Finalement, ce qui compte pour nous, c’est tout ça : le fond, la réflexion qu’on a eue sur ce qu’on voulait de meilleur pour nos enfants. Et après tout, tout ce qu’on a fait à côté – portage en écharpe, cododo, couches lavables, etc – ne sont que des outils. C’est malheureusement souvent cela qui fait cliché et qui fait qu’on catalogue négativement le maternage en France…

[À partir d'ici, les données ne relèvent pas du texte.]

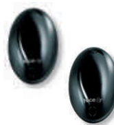
BF fotokomórka (para) zasięg 15-30m

En espérant avoir fait découvrir quelque chose, sans vouloir convertir personne…

 

4 Commentaires

  1.  
    BUARD JP MJ
    BUARD JP MJ écrit:

    Merci de faire partager votre magnifique expérience de jeunes parents et surtout votre expression sur la manière d’être parents et avec déjà grand succés. Pour notre génération la femeté était la méthode la plus partagée! Nous avons eu la chance que nos parents appliquaient déjà avec leur simple bon sens une méthode douce où l’enfant que nous étions avait toute sa place en tant que personne et sans violence .

  2.  
    mamini
    mamini écrit:

    bravo ma fille ! j’adhère ! <3

  3.  
    Sabrina
    Sabrina écrit:

    Merci Mamanbibou ! J’apprécie tes conseils toujours très réfléchis. Mais pas facile de se faire entendre, pour les grands-parents de ma puce, les pleurs ne sont dus qu’à trois possibilités soient la faim, la fatigue ou le caprice… Ce qui me terrifie c’est le réflexe répandu : pleurs = sucette dans la bouche…

  4.  
    Marinelfe
    Marinelfe écrit:

    Je suis bien d’accord… Mais hélas, c’est vraiment dur de s’y tenir… Et vos réflexions sont ma foi d’une évidence absolue! Je vais d’ailleurs de ce pas tester la méthode « caresse » au lieu de « tape/tire les cheveux »… Corentin a cette tendance (et c’est surtout sa soeur qui en fait les frais) et pas évident de trouver toujours le pourquoi, ni de trouver comment faire pour l’aider a changer se comportement :) Je vais donc continuer mes achats de livres utiles et pratique pour parents (j’ai commence Filliozat et j’ai déjà changer certaines choses! Hâte maintenant que mon homme s’y mette… et s’est pas gagné!!!)